Sehr geehrte Damen und Herren, geschätzte Kunden,
entscheidende Grundlage für die Preisentwicklung von nichtrostendem Stahl und Aluminium bleiben die Metallkurse an den Warenbörsen, welche dem oft wechselndem und schwer voraussehbaren Interesse der Finanzanleger ausgesetzt sind. Der soeben vom LME gemeldete Rekord der Anzahl Transaktionen im April 2013 (insgesamt 14.517.213) zeigt, dass die meisten Geschäfte im Bereich von Finanzinvestitionen und nicht für den tatsächlichen Verbrauch getätigt werden. Die Kurse werden in US-$ ausgehandelt, dessen Kurs fluktuierte gegenüber dem CHF in diesen ersten Monaten 2013 zwischen 0.91 und 0.94, der Euro konnte etwas an Wert zulegen.
Die ersten Monate dieses Jahres waren geprägt von einem teilweisen Überangebot an den Metallbörsen, besonders ausgeprägt bei Nickel, aber auch bei Rohaluminium, und vom zunehmenden Desinteresse der Anleger an Rohstoffen. Dies hat abgesehen von einigen kurzfristigen Erholungen zur Abwärtsbewegung der hauptsächlichen Metallkurse geführt.
Der Börsenpreis von Aluminium hat in den ersten 4 Monaten 2013 9 % eingebüsst, für Nickel sind es 10 %. Chrom blieb praktisch unverändert, Molybdän verlor 4 %.
Nichtrostender Stahlschrott verlor im selben Zeitraum sogar 14 %. Aluminiumschrott hingegen konnte um 3.5 % zulegen, dies hängt mit der sehr grossen Energie-Einsparung beim Einschmelzen zusammen, was wiederum zu einer überdurchschnittlichen Nachfrage führt.
Hervorgehend aus diesen Indizes bestimmen die Stahl- und Metallproduzenten ihre Marktpreise. Bei kurzen Produktionsterminen leiden diese weitherum unter einer Flaute, die Anlagen sind ungenügend ausgelastet.

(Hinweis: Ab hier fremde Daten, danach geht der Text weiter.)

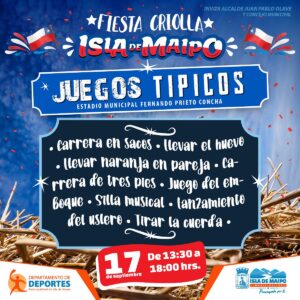 Con un Campeonato de Rayuela comenzará la Fiesta Criolla de Isla de Maipo, en el Cancha 1 del Estadio Municipal Fernando Prieto Concha este sábado 16 de septiembre, a contar de las 15:00 horas. En la justa rayuelera competirán los clubes: San Antonio de Naltahua, El Manzano, Rayuela La Islita, Rayuela Las Mercedes, todo bajo la organización del Departamento de Deportes y el patrocinio de la Municipalidad de Isla de Maipo.

Ein Ende dieser Situation ist zur Zeit nicht abzusehen. Service-Centers, Rohrproduzenten, der Handel und die Verarbeiter sind in ihren Dispositionen sehr zurückhaltend geworden. Die Werke haben versucht, der ungenügenden Nachfrage mit Korrekturen auf der Preisebene Rechnung zu tragen. Die Folge davon war ein harter Konkurrenzkampf um jeden einzelnen Auftrag. Dies wiederum führte dazu, dass eine ganze Branche ihre Kosten nicht mehr decken kann. Eine sehr grosse Anzahl von Stahl- und Aluminiumproduzenten sieht sich dieser prekären Situation gegenüber.
Als Folge dieser Entwicklung, welche bereits vor einigen Jahren ihren Anfang nahm, sich aber zunehmend verstärkte, haben sich z.B. im Inox-Bereich Produzenten zusammengeschlossen, bzw. die Rostfrei-Produktion aus ihren Konzernen ausgelagert, um Zusammenschlüsse zu ermöglichen. Das jüngste Beispiel hierfür ist der traditionsreiche ThyssenKrupp-Konzern, einer der Entdecker von nichtrostendem Stahl, welcher seine Rostfrei-Sparte zunächst als Inoxum separierte und anschliessend an den finnischen Outukumpu-Konzern verkaufte. Dies alleine zeigt schon, wie prekär Stahlwerke ihre Situation einschätzen.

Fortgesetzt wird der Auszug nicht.